GOAL OF THE EXERCISE | Retype exactly the lines below, beginning with the first and ending with the line where "Caractéristiques Couleur (nuance)" appears.

━━━━━━━━━━━━━━━━

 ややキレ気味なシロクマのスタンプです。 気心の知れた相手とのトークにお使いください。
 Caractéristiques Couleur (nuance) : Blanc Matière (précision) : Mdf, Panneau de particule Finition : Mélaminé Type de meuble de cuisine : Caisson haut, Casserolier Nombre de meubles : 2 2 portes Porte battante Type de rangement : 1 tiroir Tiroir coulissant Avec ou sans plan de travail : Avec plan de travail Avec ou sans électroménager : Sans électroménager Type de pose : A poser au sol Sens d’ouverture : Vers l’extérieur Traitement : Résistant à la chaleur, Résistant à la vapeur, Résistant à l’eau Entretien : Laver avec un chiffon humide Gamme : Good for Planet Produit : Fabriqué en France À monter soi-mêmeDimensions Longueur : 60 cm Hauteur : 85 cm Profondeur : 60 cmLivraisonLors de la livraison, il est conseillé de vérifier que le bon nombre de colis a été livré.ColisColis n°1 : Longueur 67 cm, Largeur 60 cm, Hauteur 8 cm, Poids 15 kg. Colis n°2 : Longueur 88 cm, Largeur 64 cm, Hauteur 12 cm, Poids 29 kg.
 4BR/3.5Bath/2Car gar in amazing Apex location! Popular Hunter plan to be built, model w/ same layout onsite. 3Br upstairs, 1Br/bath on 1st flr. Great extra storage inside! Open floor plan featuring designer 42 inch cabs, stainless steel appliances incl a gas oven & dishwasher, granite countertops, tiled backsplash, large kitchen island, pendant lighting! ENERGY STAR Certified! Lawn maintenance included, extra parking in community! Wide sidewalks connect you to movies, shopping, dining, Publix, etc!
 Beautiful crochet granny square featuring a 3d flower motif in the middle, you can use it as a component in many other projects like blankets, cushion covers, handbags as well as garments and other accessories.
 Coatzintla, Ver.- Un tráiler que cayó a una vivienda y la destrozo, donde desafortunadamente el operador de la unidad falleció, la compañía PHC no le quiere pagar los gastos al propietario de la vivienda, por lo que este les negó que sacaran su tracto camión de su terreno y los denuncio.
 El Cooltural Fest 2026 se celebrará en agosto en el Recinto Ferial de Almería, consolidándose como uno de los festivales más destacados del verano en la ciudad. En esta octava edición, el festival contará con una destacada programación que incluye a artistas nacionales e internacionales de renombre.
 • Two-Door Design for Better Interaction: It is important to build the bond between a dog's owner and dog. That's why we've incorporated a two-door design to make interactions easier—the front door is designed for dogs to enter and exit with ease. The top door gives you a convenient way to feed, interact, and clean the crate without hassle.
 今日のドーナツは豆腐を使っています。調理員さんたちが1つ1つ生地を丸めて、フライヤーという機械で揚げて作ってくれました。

━━━━━━━━━━━━━━━━

EXERCISE ANSWER |
 ややキレ気味なシロクマのスタンプです。 気心の知れた相手とのトークにお使いください。
 Caractéristiques Couleur (nuance) : Blanc Matière (précision) : Mdf, Panneau de particule Finition : Mélaminé Type de meuble de cuisine : Caisson haut, Casserolier Nombre de meubles : 2 2 portes Porte battante Type de rangement : 1 tiroir Tiroir coulissant Avec ou sans plan de travail : Avec plan de travail Avec ou sans électroménager : Sans électroménager Type de pose : A poser au sol Sens d’ouverture : Vers l’extérieur Traitement : Résistant à la chaleur, Résistant à la vapeur, Résistant à l’eau Entretien : Laver avec un chiffon humide Gamme : Good for Planet Produit : Fabriqué en France À monter soi-mêmeDimensions Longueur : 60 cm Hauteur : 85 cm Profondeur : 60 cmLivraisonLors de la livraison, il est conseillé de vérifier que le bon nombre de colis a été livré.ColisColis n°1 : Longueur 67 cm, Largeur 60 cm, Hauteur 8 cm, Poids 15 kg. Colis n°2 : Longueur 88 cm, Largeur 64 cm, Hauteur 12 cm, Poids 29 kg.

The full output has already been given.